Crop Recommendation Based on Soil and Weather Conditions Using the K-Nearest Neighbors Algorithm
Abstract
The national food self-sufficiency program demands innovation in optimizing the selection of agricultural commodities based on environmental and weather conditions. This challenge is rooted in a fundamental problem faced by farmers—achieving harmony among soil characteristics, weather patterns, and suitable crops. In support of this initiative, it is necessary to develop a crop recommendation system based on machine learning that utilizes key soil and weather condition parameters.

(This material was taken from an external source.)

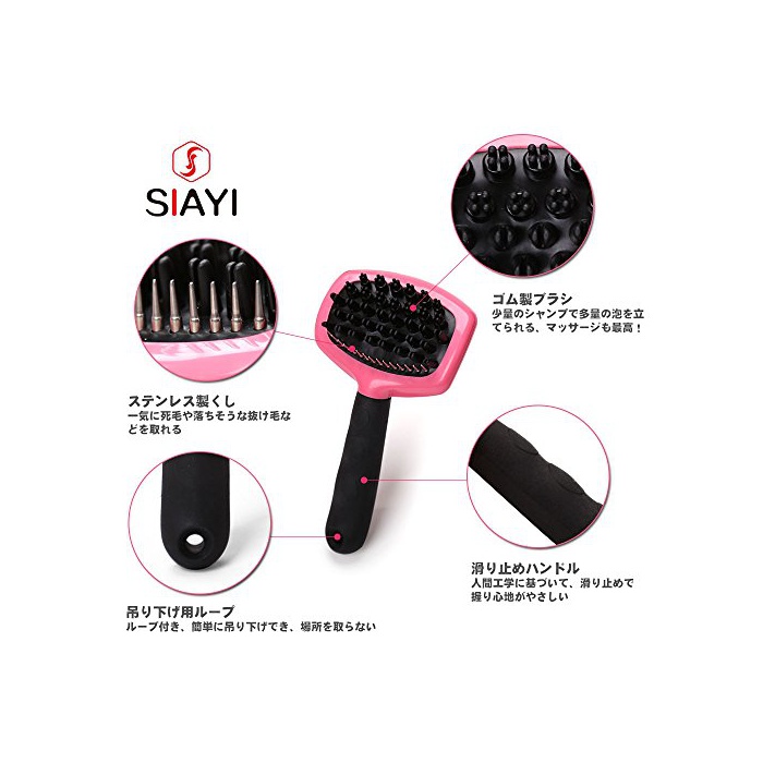 원본상품명:SIAYI(しあい)ペット ブラシ シャンプ用ブラシ 泡立て ペット用品 ノミ取りくし お手入れくし マッサ?ジ 毛繕い 機能維持 合成ゴム 輪付き ステンレス櫛付き 大型犬 猫??

This study employs the K-Nearest Neighbors (KNN) algorithm, which functions by identifying the optimal value of ‘K’ to maximize classification accuracy. The KNN algorithm is implemented in a crop recommendation system to classify 1,100 datasets representing ideal growing conditions for 11 crop types. These datasets were generated using a normal distribution approach with a 5% variation from the mean values, and were validated using a clipping function to ensure the data remained within ideal ranges. The results of this study demonstrate that the KNN algorithm achieves high accuracy 96,67% in utilizing soil and weather parameters to generate crop recommendations. The average probability score for the recommended crops was 83.33%. Based on experimental testing, rice was recommended during the rainy and extreme rainy seasons, soybeans were recommended during the dry season, and mung beans were most suitable during extreme dry conditions.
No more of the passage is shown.